Built a full pairs trading system on Russell 3000 using a 4-layer Transformer Encoder for supervised trade signal classification. Discovered and eliminated three compounding biases that inflated returns from 617% → 3.97%. Current unbiased result: +3.97% total return, 0.91 Sharpe, -19.3% max drawdown over 2023–2025. Strategy has no edge in current form — documented why, and what fixes it.

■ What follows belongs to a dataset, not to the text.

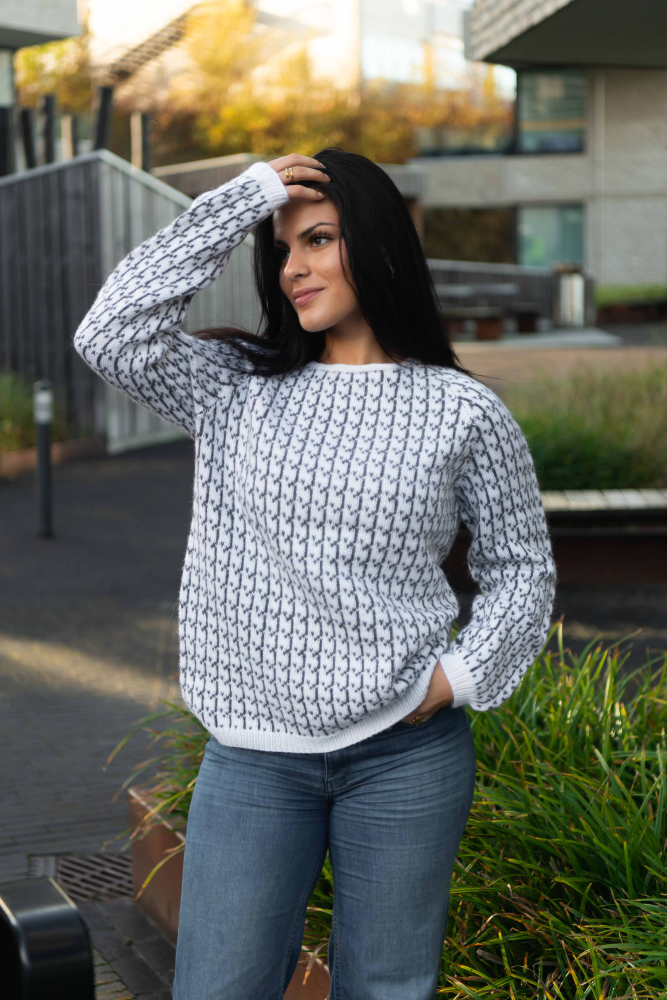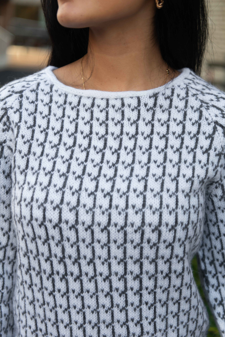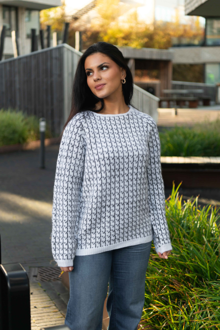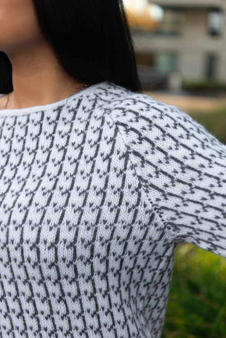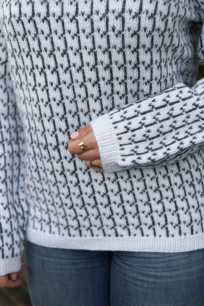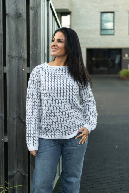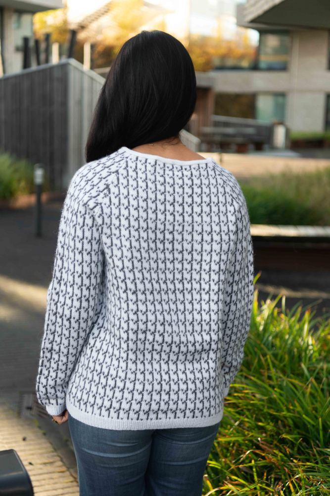 Du kan selv endre farge i strikkepakken ; velg da først størrelsen du ønsker å strikke, så kommer det opp fargevalg nedenfor. NB! Oppskrift vil alltid leveres i strikkepakkens originale farger: Hvit og Koksgrå
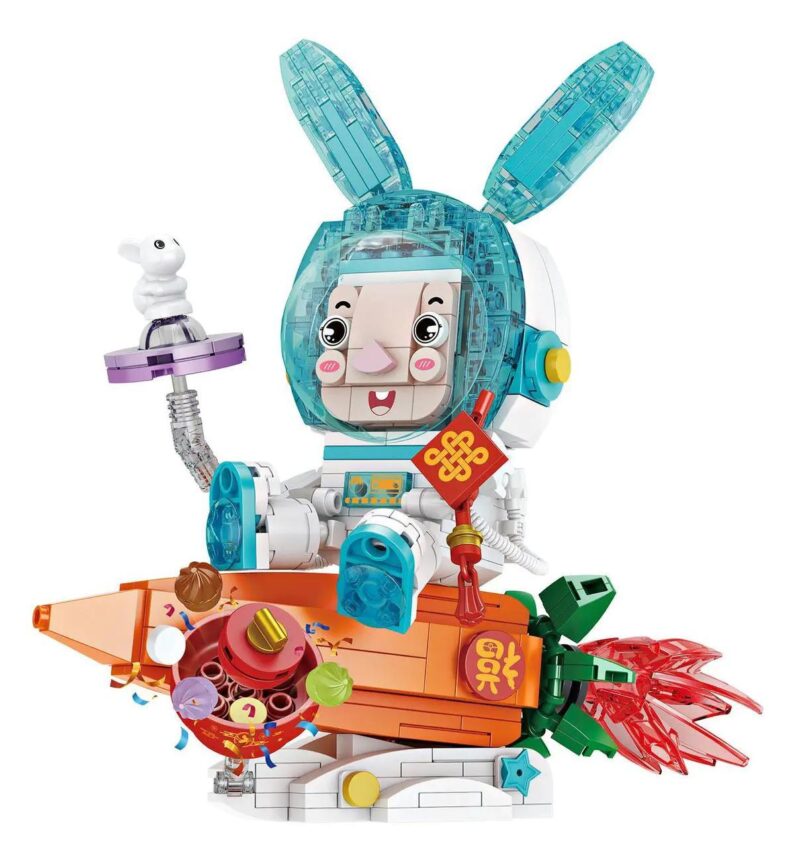 Điểm nhấn độc đáo của bộ lắp ghép này là thiết kế Thỏ Biubiu phi hành gia với đầu có thể lắc lư (bobble head), cùng tên lửa hình củ cà rốt và các chi tiết trang trí mang đậm không khí Tết, tạo nên sự khác biệt và thu hút.

| Component | Implementation |
|---|---|
| Universe | Russell 3000 (~3,556 symbols) |
| Pair Selection | Engle-Granger cointegration + Hurst exponent + half-life filter (4–120 days) |
| Signal Model | 4-layer Transformer Encoder (8-head attention, d_model=128) — supervised binary classification |
| Entry Signal | Z-score |
| Exit Signal | Z-score |
| Position Sizing | Kelly-inspired: base 4%, max 10%, scaled by volatility + profit protection |
| Risk Manager | Drawdown kill switch (15%), single-day circuit breaker (5%), intraday pause (-3%) |
| Costs | Bid-ask spread + commission + market impact (total cost impact: 60% of capital on 5,600 trades) |
All three biases eliminated before this run.
| Metric | Value |
|---|---|
| Total Return (2023–2025) | +3.97% |
| Annualized Return | ~1.6% |
| Sharpe Ratio | 0.91 |
| Max Drawdown | -19.29% |
| Total Trades | 416 |
| Win Rate | 57.69% |
| Profit Factor | 1.01 |
Interpretation: Profit factor of 1.01 means the strategy is essentially break-even after transaction costs. No real edge in current form on out-of-sample data.